Images are to be left out; everything else in the listing should be repeated exactly.

Data below:
# # # #
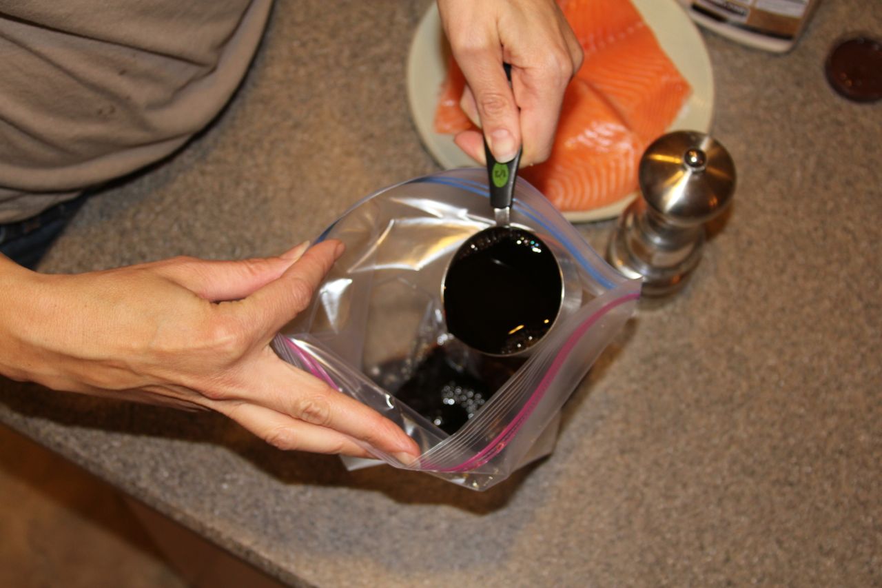 5. Drizzle 2 Tbls of marinade over the salmon, discard remaining.
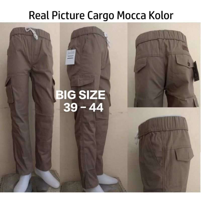 Celana Panjang Cargo Big size Pria Wanita Ukuran Jumbo 39-44 Bahan Katun Melar Model Pinggang Karet Kolor
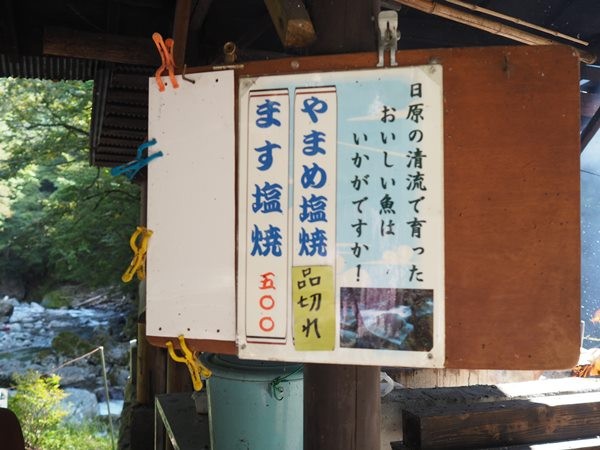 入場券売り場の方に聞いたところ、近所の渓流釣り場のところでお魚を食べられると教えてもらったので、歩いていきました。よかった~食べるところがあって💦
# # # #
Result for this task:
 5. Drizzle 2 Tbls of marinade over the salmon, discard remaining.
 Celana Panjang Cargo Big size Pria Wanita Ukuran Jumbo 39-44 Bahan Katun Melar Model Pinggang Karet Kolor
 入場券売り場の方に聞いたところ、近所の渓流釣り場のところでお魚を食べられると教えてもらったので、歩いていきました。よかった~食べるところがあって💦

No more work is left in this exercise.